For "down" they way you are teaching it is fine if you are SURE you will never want to do anything competitive with him. But for competitive obedience, it is really important that the dog NOT sit first, but go straight from the stand into a down.


----------



## RoutineAvocado (Feb 6, 2013)

krandall said:


> Yes, I would focus on the one she ISN'T getting for a while. Also, don't bother with a hand signal or other cue yet. If you can't even LURE her into position, she clearly is getting no meaning from a cue. If it works better with a wall behind her, practice against walls hundreds of times. When you are getting it reliably against a wall, move to another location.
> 
> She is very young, and some things, for some reason, are just easier for one dog than another. For Kodi, he caught onto "sit" in no time. It was impossible to lure him into a down, so we had to teach that to him by "capturing" the behavior with a clicker, when he did it on his own. Then it took NINE MONTHS for him to understand to "stand" on cue. (GOOD dogs SIT at heel, don't they? ) She'll get it, just don't lose patience!


I should clarify that the cue is a closed fist, so we keep our fist closed as we lure. But your comment makes me think that's not even necessary right now.
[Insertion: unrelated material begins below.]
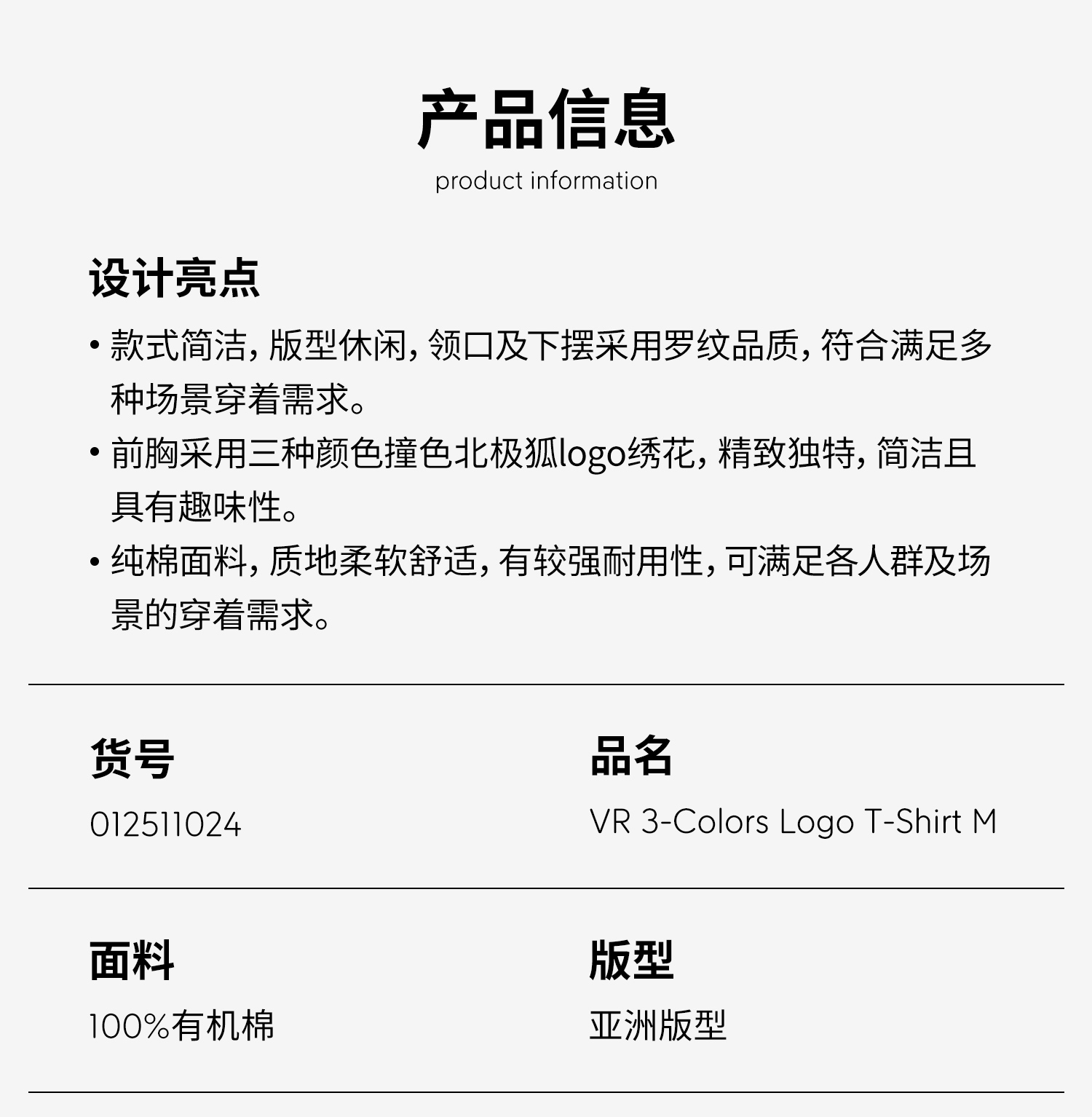 北极狐2024春夏新款男士户外舒适宽松纯棉圆领T恤短袖01241151

She knows there is a treat inside the fist but maybe it would be easier to just hold it normally. Thanks for the tips and encouragement! Good point about just repeating the exercise where it's easiest for her before moving on.


----------



## Zarika (Dec 16, 2012)

Karen, do you have any tips for Hobbes? He has had his sit and down for a long time, or so I thought. However, even though we started with hand gestures and added words, I realized just a few days ago that while he knows sit verbally or by the hand gesture, he really only knows the hand gesture for down. I have been saying down and using the gesture simultaneously for many months now. I can use the gesture and no words (or both) and he does as asked. However, if I just say "down" and don't point to the floor (our down signal) he just stares at me. I learned this when I asked for a down and my hands were full. At the time, I just thought he wasn't listening (which would be uncommon for him for that command but I thought hey, we all have our days and there was a lot of distraction). But later I tried it when the treats had been flowing and we were focused on work. I asked for a down verbally and he just looked at me, clearly waiting for instructions but not knowing what I wanted. I added the hand signal and he immediately plopped down. Is there anything special I should do about this or just keep putting them together. I feel like I should do something else because the word has been added to the signal for months. I guess I just usually ask for a sit when I'm asking him to behave while I juggle the groceries, ect so I never realized he hadn't processed the verbal down command.


----------



## krandall (Jun 11, 2009)

Zarika said:


> Karen, do you have any tips for Hobbes? He has had his sit and down for a long time, or so I thought. However, even though we started with hand gestures and added words, I realized just a few days ago that while he knows sit verbally or by the hand gesture, he really only knows the hand gesture for down. I have been saying down and using the gesture simultaneously for many months now. I can use the gesture and no words (or both) and he does as asked. However, if I just say "down" and don't point to the floor (our down signal) he just stares at me. I learned this when I asked for a down and my hands were full. At the time, I just thought he wasn't listening (which would be uncommon for him for that command but I thought hey, we all have our days and there was a lot of distraction). But later I tried it when the treats had been flowing and we were focused on work. I asked for a down verbally and he just looked at me, clearly waiting for instructions but not knowing what I wanted. I added the hand signal and he immediately plopped down. Is there anything special I should do about this or just keep putting them together. I feel like I should do something else because the word has been added to the signal for months. I guess I just usually ask for a sit when I'm asking him to behave while I juggle the groceries, ect so I never realized he hadn't processed the verbal down command.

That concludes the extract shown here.